The Enigma Of Turnovers, Part 2
By Keith Myers
A couple weeks ago, I posted the initial results of some statistical work I was doing that indicated that turnovers have no correlation to wins and losses. While the numbers were quite clear, the result just bugged me. It was so counter-intuitive, and ran so contrary to my beliefs about the game of football, that I’ve had a hard time accepting them.
Almost as soon I published that article I started looking at the data again. After double and triple checking my work to make sure there wasn’t some horrible mistake, it was time to look at turnovers from a different angle. So instead of looking at season long trends, I began looking at individual games. Unfortunately, using 10 years of data means looking at thousands of games, which is why this follow up post has taken so long to get published.
There’s a lot of information here, so to start making sense of it, lets look at some simple histograms, starting with the turnover differential for the winning team.
As you can see, it forms a fairly symmetric normal distribution around the mean of 1.15. Interestingly, the standard deviation is a rather high 1.76. This means that while “on average” the winning teams has about 1 less turnover than the losing team, there’s a tremendous about of “noise” in the data and thus, anything is still possible.

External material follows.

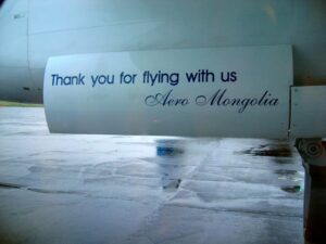 While we all had excess baggage and were painfully over our weight limit, we figured we would come up with a plan. The airport was a brief 15 ride away and we were able to snooze a bit longer while it was still dark out. Upon arrival at the airport, we were all in a state of disarray as we were shuffled from one check in counter to another. Once we arrived to the right check in counter, Bob was first up at bat to face the unsmiling and non-negotiable check in clerks. He was informed that the baggage limit was now 15 kg (good news) but that also included all carry on baggage (bad news). So, while under the gun and in the spotlight, Bob’s quick thinking saved us all a ton of money. He simply grabbed Lisa’s handbag (yes, a ladies purse) as well as a half empty plastic bag and claimed them as his “carry on” baggage, receiving a startled glance from the attendant (maybe Air Mongolia has a “don’t ask, don’t tell” policy) as well as on-board luggage tags from Air Mongolia. Of course, his real carry on bags were hidden from view and remained un-weighed, as they would definitely put him over the 15 kg limit. Armed with the luggage tags, he simply placed them on his heavy baggage and handed the plastic bag and Lisa’s purse to virtually every member of our tour group. And so, the hero of the moment was Bob since we were all able to escape paying excess baggage charges thanks to his spur-of-the-moment, spontaneous scam. What was weird was that the check in clerk didn’t catch on to the fact that she had seen Lisa’s handbag passed along to each member of the tour group, with everyone claiming, “Yes, we packed this ourselves”. Leave it to Bob to outscam the locals!

Winning the turnover battle in a single game hardly guarantees victory, but it does help. And, looking at that graph finally game me a way tease that out of this data set with a high degree of variance. But before we get too ahead of ourselves, there are 2 other histograms I’d like you to look at. The first is the number of turnover committed by winning teams:
I found this to be particularly interesting. The winning team averages just over 1 turnover per game. So clearly turning the ball over isn’t an automatic ticket to losing. Over the 10 year period, there have been over 283 games in which a team turned the ball over 3 or more times and still won the game. That’s greater than 10% of the games played.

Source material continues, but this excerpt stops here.